Sorry for the frustration. I don't know what your issue is.  I've
installed Trinity both on Squeeze and on Ubuntu Lucid and it mostly
works fine, with some quirks. The instructions are very straight
forward: http://trinity.pearsoncomputing.net/debian_installation.html
>
> ?- love and kisses - Bruce
>
> Date: Thu, 17 Feb 2011 17:57:03 -0800
> From: Rick Moen <rick at linuxmafia.com>
> To: conspire at linuxmafia.com
> Subject: Re: [conspire] greetings from latest debian mint " linux "
> supposed kde4
> Message-ID: <20110218015703.GS26458 at linuxmafia.com>
> Content-Type: text/plain; charset=utf-8
>
> Quoting Paul Zander (paulz at ieee.org):
>
>> > Obviously you don't like KDE4.  How much effort would it be to install
>> > an earlier version of KDE?  Or is Mint like Ubuntu, which makes it
>> > easy to install the "standard release" and difficult to do anything
>> > else?
>
> This is just an off-the-cuff impression, so take cum grano salis, but
> the hitch is going to be package dependencies.  You could take an
> installation of Linux Mint Debian Edition and remove KDE 4.6 packages,
> but then where are you going to get a set of Debianised KDE 3.x
> software, even in Debian source code form, let alone compatible
> binaries? 
Actually, LMDE still uses KDE 4.4x, though that should change soon.
> A fallback would be to attempt to find a non-Debian, but
> nonetheless maintained and debugged, set of KDE 3.x source code and
> attempt to create and compile a set of Debian packages from that, but
> that sounds like a huge project.  One would have to hate 4.6 and love
> 3.x a _whole_ lot, and have a great deal of time and energy to spare.
Check out the Trinity stuff over at Pearson.
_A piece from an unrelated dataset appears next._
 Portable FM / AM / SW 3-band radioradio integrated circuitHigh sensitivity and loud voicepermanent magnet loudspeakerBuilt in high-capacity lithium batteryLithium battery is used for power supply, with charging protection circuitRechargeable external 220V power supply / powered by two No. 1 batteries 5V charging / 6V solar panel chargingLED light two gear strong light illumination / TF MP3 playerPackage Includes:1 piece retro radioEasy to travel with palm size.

It installs a whole tree
of dependencies in /opt/kde3, so you can chose whether to log in to
KDE3 or 4. It seems to work pretty well for now.
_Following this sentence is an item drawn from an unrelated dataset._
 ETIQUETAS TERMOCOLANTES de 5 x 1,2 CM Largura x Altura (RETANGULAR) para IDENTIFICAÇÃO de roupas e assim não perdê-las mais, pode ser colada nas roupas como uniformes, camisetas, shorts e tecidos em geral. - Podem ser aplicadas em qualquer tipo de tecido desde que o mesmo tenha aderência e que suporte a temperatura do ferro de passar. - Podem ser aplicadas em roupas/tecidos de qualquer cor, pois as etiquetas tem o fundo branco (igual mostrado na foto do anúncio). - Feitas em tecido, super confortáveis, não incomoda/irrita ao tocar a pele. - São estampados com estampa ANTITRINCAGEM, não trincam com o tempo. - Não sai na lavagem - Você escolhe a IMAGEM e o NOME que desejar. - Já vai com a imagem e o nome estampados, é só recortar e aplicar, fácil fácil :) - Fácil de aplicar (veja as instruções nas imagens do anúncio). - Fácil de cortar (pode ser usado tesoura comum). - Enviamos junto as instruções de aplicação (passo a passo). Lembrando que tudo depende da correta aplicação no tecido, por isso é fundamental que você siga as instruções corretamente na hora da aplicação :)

http://trinity.pearsoncomputing.net/

How tenable it is going forward is a different question. There are
already some seams appearing where newer desktops are leaving Trinity
behind.  For instance, I wasn't able to make the creaky old kcontrol
Display Control handle my particular radeon dual monitor situation,
1920x1080 horizontal and 1280x1024 vertical, though KDE4 and Gnome do
cope with them well, particularly Gnome, which actually remembers my
settings between logins, while KDE4 offers to remember them, but
somehow never does. Another issue is that the /opt/kde3 stuff isn't in
your normal path so if you are not logged in to KDE3 you have to use
the whole /opt/kde3/bin/COMMAND path to call up a KDE3 program.

But I like Trinity. I'm hoping that KDE4 will finally be as usable as
KDE3 by the time Lenny is no longer supported as oldstable in a year,
but if not, hopefully Trinity will still be around.